Assessments
The Report earned a mixed reception from scientists and academic journals, while receiving "almost universal praise from the news media". Many newspapers, magazines and journals which published approving reviews or editorials related to the Condon Report. Some compared any continued belief in UFOs as the belief that the earth is flat. Others predicted that interest in UFOs would wane and in a few generations be only dimly remembered. Science, the official publication of the American Association for the Advancement of Science, said "The Colorado Study is unquestionably the most thorough and sophisticated investigation of the nebulous UFO phenomenon ever conducted."
The March 8, 1969 issue of Nature offered a generally positive review for the Condon Report, but wondered why so much effort had been expended on such a subject: "The Colorado project is a monumental achievement, but one of perhaps misapplied ingenuity. It would doubtless be inapt to compare it with earlier centuries' attempts to calculate how many angels could balance on the point of a pin; it is more like taking a sledgehammer to crack a nut, except that the nuts will be quite immune to its impact." On January 8, 1969, the New York Times headlined its coverage: "U.F.O. Finding: No Visits From Afar." The article said that based on the Report, the ETH could finally be dismissed and all UFO reports had prosaic explanations. It noted that the Report had its critics, but characterized them as "U.F.O. enthusiasts."

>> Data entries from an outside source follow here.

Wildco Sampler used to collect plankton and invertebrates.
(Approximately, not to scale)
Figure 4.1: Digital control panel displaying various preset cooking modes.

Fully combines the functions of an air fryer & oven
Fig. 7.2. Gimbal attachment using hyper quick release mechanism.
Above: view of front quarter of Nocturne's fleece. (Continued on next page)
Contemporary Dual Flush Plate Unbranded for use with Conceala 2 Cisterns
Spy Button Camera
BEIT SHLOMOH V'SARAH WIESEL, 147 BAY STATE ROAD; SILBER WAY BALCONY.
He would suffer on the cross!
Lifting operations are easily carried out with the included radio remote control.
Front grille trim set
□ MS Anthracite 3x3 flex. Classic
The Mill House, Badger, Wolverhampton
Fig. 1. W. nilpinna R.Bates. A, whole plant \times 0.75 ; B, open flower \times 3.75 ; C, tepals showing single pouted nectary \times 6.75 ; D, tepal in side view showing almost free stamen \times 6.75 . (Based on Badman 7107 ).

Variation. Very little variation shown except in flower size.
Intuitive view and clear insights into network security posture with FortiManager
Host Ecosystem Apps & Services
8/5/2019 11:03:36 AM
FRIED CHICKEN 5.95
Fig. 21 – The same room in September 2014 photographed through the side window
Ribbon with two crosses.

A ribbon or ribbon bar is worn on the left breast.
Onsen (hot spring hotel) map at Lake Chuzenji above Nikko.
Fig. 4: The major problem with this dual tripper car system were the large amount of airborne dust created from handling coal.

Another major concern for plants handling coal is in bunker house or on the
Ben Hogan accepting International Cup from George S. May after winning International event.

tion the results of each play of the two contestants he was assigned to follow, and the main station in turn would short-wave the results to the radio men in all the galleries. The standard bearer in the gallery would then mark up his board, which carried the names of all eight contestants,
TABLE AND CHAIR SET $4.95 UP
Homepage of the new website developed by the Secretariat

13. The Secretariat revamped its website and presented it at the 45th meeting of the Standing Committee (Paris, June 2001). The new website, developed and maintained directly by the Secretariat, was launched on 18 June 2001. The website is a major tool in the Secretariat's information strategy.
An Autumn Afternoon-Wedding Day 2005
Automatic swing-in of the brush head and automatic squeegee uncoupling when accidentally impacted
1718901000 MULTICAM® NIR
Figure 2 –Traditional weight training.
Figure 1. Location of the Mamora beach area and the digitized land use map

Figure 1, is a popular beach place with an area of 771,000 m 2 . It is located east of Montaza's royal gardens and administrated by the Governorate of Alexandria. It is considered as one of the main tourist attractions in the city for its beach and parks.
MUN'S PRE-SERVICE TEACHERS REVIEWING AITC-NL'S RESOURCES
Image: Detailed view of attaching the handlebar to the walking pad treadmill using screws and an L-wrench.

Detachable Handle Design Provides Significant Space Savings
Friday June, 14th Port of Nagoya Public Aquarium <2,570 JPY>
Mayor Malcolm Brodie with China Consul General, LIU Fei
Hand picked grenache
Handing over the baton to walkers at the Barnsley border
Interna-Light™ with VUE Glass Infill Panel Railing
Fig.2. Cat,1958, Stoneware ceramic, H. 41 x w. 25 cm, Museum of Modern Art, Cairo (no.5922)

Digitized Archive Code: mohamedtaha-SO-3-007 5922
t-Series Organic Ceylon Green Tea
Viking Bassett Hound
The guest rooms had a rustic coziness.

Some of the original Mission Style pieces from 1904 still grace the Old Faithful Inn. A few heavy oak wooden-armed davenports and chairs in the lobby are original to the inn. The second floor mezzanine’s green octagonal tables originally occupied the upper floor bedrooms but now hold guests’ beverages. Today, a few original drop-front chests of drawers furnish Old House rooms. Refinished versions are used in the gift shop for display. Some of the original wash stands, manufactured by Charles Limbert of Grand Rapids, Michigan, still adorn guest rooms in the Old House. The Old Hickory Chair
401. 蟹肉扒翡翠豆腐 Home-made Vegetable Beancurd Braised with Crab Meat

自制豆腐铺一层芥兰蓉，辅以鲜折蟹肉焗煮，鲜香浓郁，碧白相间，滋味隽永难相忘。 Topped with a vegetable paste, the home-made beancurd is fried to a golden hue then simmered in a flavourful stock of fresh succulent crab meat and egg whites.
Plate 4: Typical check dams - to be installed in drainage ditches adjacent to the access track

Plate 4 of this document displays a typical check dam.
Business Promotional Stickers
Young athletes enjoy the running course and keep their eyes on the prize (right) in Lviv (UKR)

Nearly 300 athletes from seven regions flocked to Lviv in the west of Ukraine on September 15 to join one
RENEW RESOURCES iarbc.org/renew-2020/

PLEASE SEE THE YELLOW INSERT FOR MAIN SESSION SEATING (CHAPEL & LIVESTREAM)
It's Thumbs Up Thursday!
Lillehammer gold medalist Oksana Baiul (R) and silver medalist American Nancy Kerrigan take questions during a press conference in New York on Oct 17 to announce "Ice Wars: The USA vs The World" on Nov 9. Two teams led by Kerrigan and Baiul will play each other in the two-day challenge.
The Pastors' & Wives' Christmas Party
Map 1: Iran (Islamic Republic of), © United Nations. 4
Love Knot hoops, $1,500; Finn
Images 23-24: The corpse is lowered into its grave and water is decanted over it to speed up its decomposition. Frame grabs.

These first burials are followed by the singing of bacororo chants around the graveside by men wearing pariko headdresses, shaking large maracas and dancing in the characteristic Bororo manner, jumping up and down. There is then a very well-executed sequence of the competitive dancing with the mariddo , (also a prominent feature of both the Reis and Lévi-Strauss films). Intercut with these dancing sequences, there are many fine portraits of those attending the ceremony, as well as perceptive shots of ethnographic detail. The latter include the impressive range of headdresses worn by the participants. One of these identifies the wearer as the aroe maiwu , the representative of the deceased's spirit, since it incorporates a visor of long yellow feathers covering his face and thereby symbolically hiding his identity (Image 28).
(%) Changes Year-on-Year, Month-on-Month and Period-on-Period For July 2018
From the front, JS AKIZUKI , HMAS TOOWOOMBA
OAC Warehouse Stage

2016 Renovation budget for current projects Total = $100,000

Critics made their case repeatedly without obtaining the government support they sought. One described the Report as "a rather unorganized compilation of independent articles on disparate subjects, a minority of which dealt with UFOs." Hynek described the Report as "a voluminous, rambling, poorly organized" and wrote that "less than half...was addressed to the investigation of UFO reports." In the April 14, 1969 issue of Scientific Research, Robert L. M. Baker, Jr. wrote that the Condon Committee's Report "seems to justify scientific investigation along many general and specialized frontiers." In the December 1969 issue of Physics Today, Committee consultant Gerald Rothberg wrote that he had thoroughly investigated about 100 UFO cases, three of four of which left him puzzled. He thought that this "residue of unexplained reports legitimate scientific controversy." Critics charged that Condon's case summaries were inaccurate or misleading with enigmatic reports "buried" among the confirmed cases.
In December 1969, physicist James E. McDonald called the Report "inadequate" and said "it represents an examination of only a tiny fraction of the most puzzling UFO reports of the past two decades, and that its level of scientific argumentation is wholly unsatisfactory." In a 1969 issue of the American Journal of Physics, Thornton Page reviewed the Condon Report and wrote: "Intelligent laymen can (and do) point out the logical flaw in Condon's conclusion based on a statistically small (and selected) sample, Even in this sample a consistent pattern can be recognized; it is ignored by the 'authorities,' who then compound their 'felony' by recommending that no further observational data be collected."
In November 1970, the American Institute of Aeronautics and Astronautics generally agreed with Condon's suggestion that little of value had been uncovered by scientific UFO studies, but "did not find a basis in the report for prediction that nothing of scientific value will come of further studies."